- **Source information**
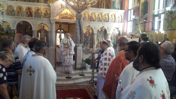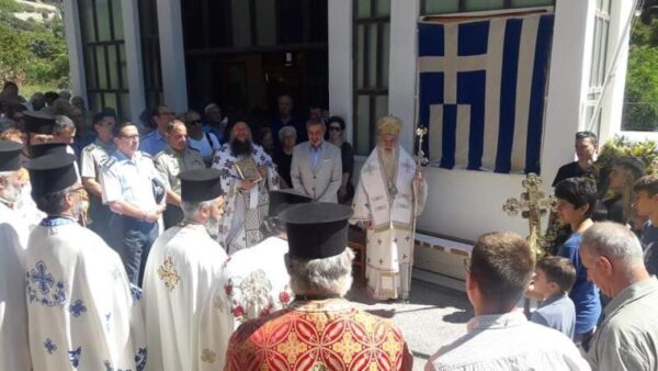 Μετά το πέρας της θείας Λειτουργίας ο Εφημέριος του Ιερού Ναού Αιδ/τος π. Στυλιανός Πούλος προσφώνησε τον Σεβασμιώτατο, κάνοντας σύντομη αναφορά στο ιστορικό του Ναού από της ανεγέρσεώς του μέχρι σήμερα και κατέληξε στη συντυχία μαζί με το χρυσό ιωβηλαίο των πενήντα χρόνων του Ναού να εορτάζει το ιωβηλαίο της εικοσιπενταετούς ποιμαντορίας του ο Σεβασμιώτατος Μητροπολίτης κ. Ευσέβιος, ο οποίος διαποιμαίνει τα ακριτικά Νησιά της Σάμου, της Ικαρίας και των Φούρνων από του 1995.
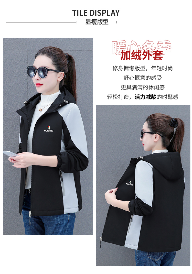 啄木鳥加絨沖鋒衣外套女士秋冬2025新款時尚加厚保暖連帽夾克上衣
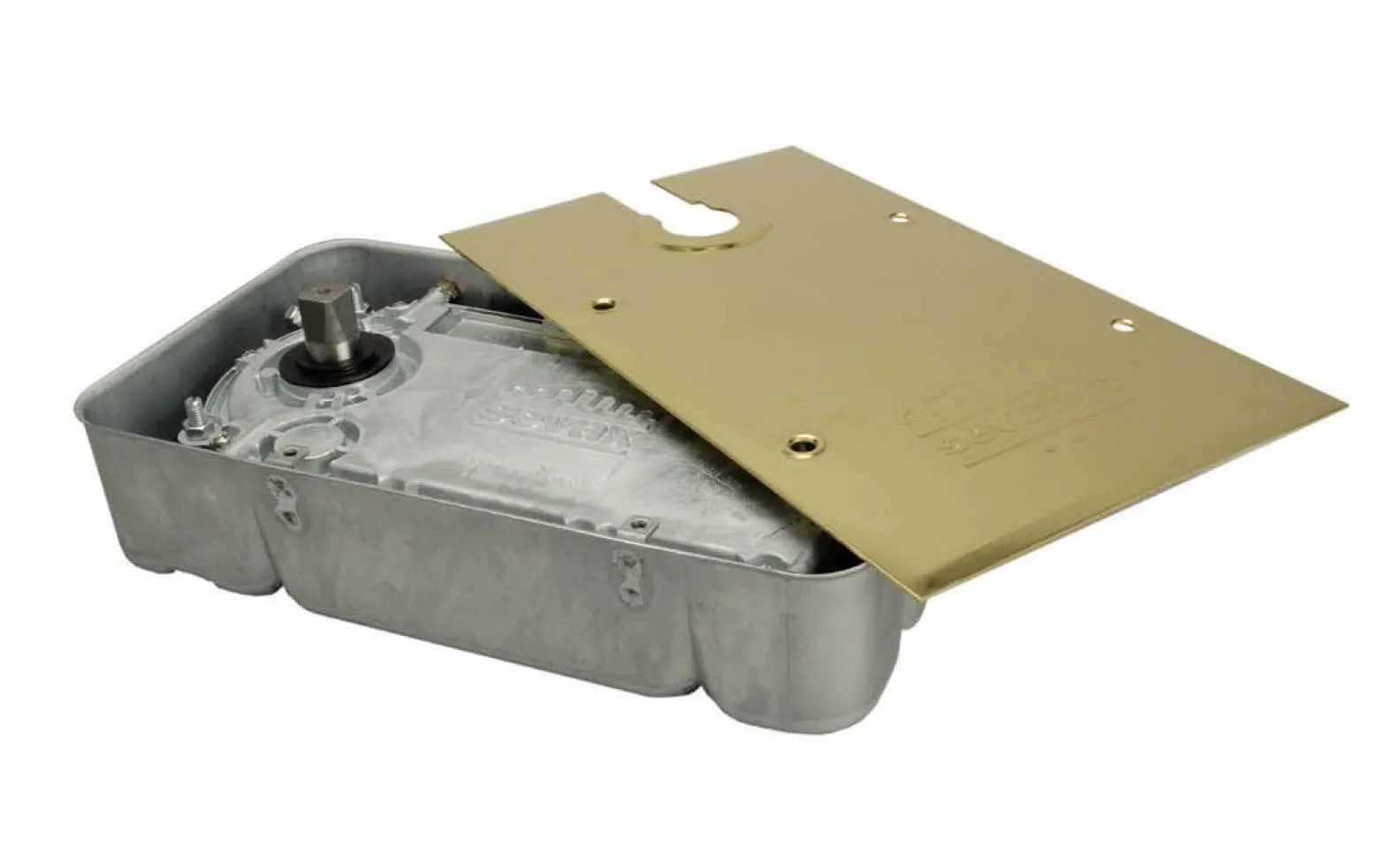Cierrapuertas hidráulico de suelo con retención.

---

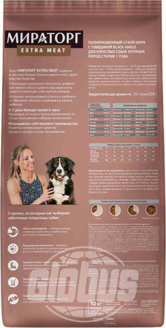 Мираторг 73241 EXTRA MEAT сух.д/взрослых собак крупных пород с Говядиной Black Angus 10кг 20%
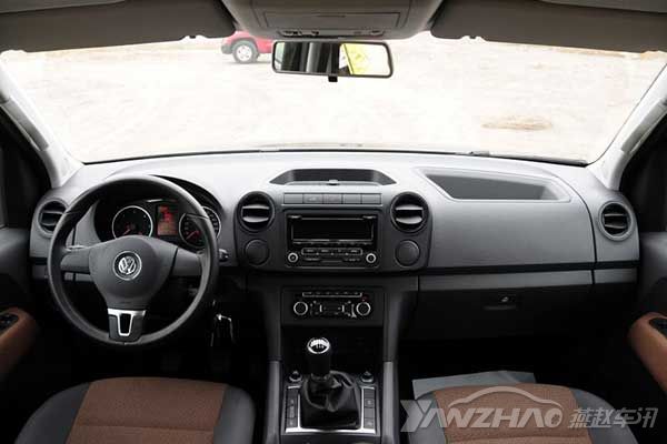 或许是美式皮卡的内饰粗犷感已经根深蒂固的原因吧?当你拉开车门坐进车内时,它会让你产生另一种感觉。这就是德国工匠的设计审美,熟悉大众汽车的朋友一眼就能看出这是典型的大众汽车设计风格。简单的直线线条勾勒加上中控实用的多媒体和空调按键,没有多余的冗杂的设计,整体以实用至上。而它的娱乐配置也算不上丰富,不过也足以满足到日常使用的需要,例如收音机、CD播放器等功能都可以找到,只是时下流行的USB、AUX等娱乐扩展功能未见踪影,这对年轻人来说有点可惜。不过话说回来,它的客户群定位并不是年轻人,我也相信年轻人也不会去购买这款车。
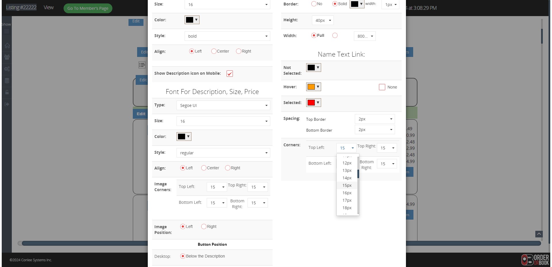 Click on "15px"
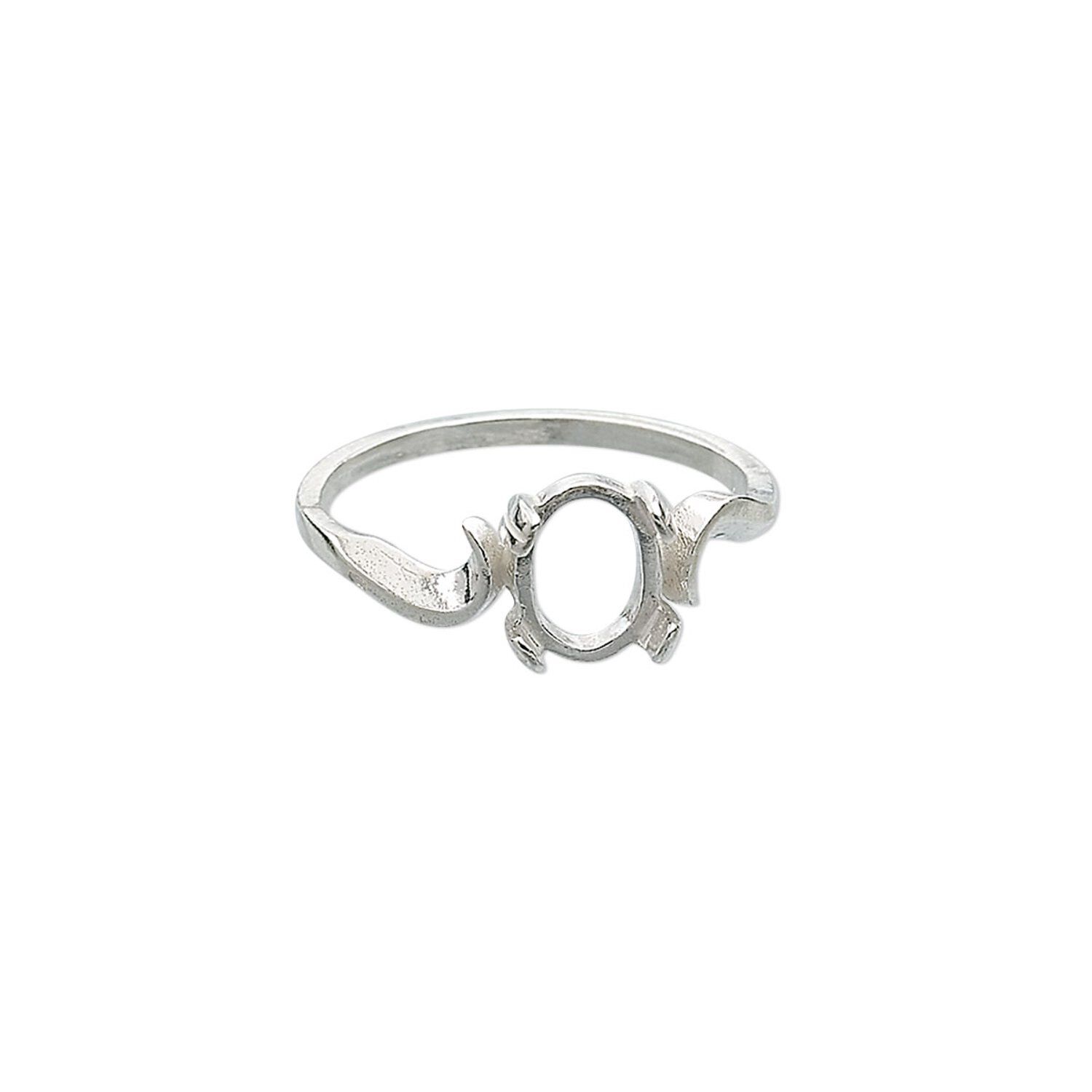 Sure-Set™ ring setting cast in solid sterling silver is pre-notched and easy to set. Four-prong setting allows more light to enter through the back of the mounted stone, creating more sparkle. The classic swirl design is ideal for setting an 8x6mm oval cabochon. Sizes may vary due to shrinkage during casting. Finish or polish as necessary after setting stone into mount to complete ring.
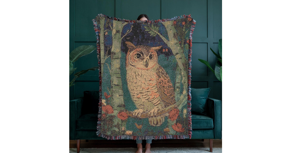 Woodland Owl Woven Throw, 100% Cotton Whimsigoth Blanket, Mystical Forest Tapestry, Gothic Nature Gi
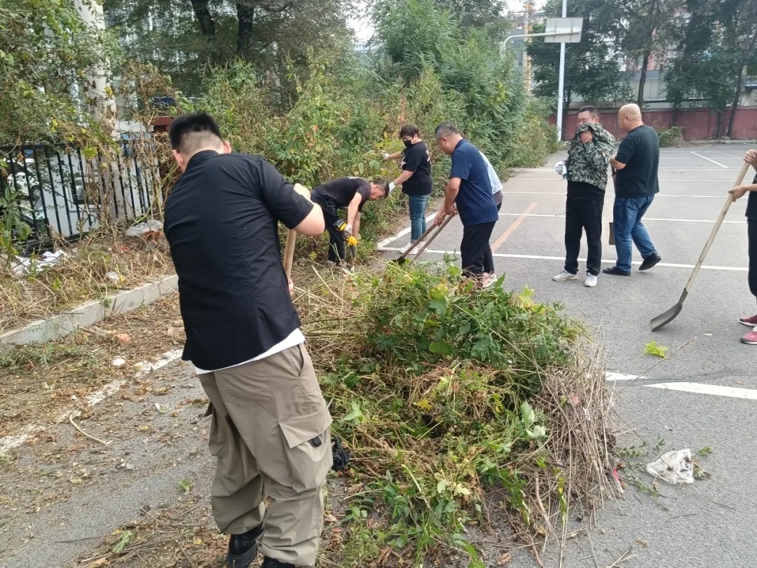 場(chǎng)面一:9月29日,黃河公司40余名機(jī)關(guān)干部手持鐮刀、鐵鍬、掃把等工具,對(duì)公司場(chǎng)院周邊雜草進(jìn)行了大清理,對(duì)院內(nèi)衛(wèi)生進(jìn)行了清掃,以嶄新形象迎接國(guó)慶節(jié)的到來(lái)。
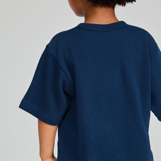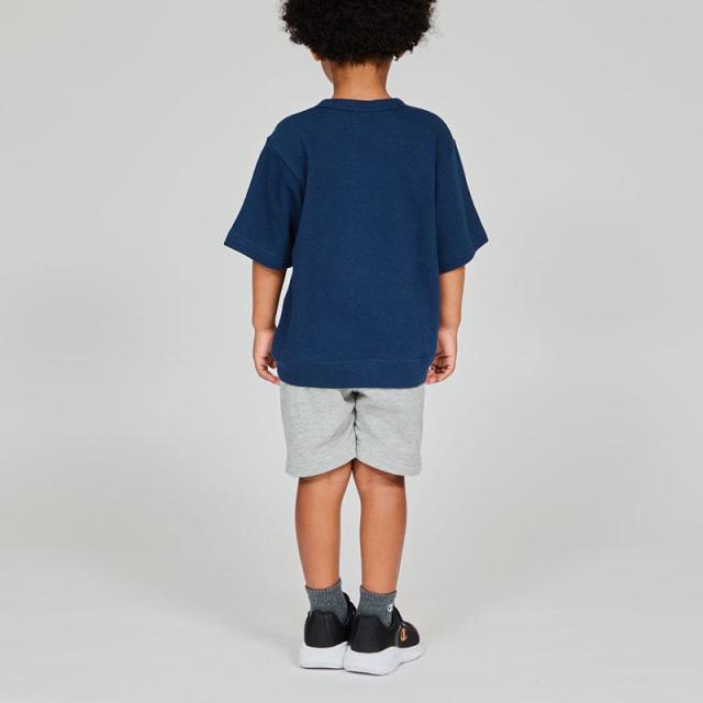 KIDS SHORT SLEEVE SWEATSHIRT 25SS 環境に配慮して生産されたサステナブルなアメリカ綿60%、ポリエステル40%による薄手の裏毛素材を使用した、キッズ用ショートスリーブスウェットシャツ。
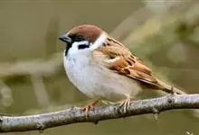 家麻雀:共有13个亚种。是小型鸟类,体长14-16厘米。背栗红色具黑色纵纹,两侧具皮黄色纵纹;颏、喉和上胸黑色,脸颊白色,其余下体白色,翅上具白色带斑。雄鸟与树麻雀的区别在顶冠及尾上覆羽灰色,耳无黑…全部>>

- **Your task**
When you reach the line holding "Мираторг 73241 EXTRA" in the listing above, begin retyping exactly, and stop once the line holding "家麻雀:共有13个亚种。是小" is done; pictures stay out.

- **Response below**
 Мираторг 73241 EXTRA MEAT сух.д/взрослых собак крупных пород с Говядиной Black Angus 10кг 20%
 或许是美式皮卡的内饰粗犷感已经根深蒂固的原因吧?当你拉开车门坐进车内时,它会让你产生另一种感觉。这就是德国工匠的设计审美,熟悉大众汽车的朋友一眼就能看出这是典型的大众汽车设计风格。简单的直线线条勾勒加上中控实用的多媒体和空调按键,没有多余的冗杂的设计,整体以实用至上。而它的娱乐配置也算不上丰富,不过也足以满足到日常使用的需要,例如收音机、CD播放器等功能都可以找到,只是时下流行的USB、AUX等娱乐扩展功能未见踪影,这对年轻人来说有点可惜。不过话说回来,它的客户群定位并不是年轻人,我也相信年轻人也不会去购买这款车。
 Click on "15px"
 Sure-Set™ ring setting cast in solid sterling silver is pre-notched and easy to set. Four-prong setting allows more light to enter through the back of the mounted stone, creating more sparkle. The classic swirl design is ideal for setting an 8x6mm oval cabochon. Sizes may vary due to shrinkage during casting. Finish or polish as necessary after setting stone into mount to complete ring.
 Woodland Owl Woven Throw, 100% Cotton Whimsigoth Blanket, Mystical Forest Tapestry, Gothic Nature Gi
 場(chǎng)面一:9月29日,黃河公司40余名機(jī)關(guān)干部手持鐮刀、鐵鍬、掃把等工具,對(duì)公司場(chǎng)院周邊雜草進(jìn)行了大清理,對(duì)院內(nèi)衛(wèi)生進(jìn)行了清掃,以嶄新形象迎接國(guó)慶節(jié)的到來(lái)。
 KIDS SHORT SLEEVE SWEATSHIRT 25SS 環境に配慮して生産されたサステナブルなアメリカ綿60%、ポリエステル40%による薄手の裏毛素材を使用した、キッズ用ショートスリーブスウェットシャツ。
 家麻雀:共有13个亚种。是小型鸟类,体长14-16厘米。背栗红色具黑色纵纹,两侧具皮黄色纵纹;颏、喉和上胸黑色,脸颊白色,其余下体白色,翅上具白色带斑。雄鸟与树麻雀的区别在顶冠及尾上覆羽灰色,耳无黑…全部>>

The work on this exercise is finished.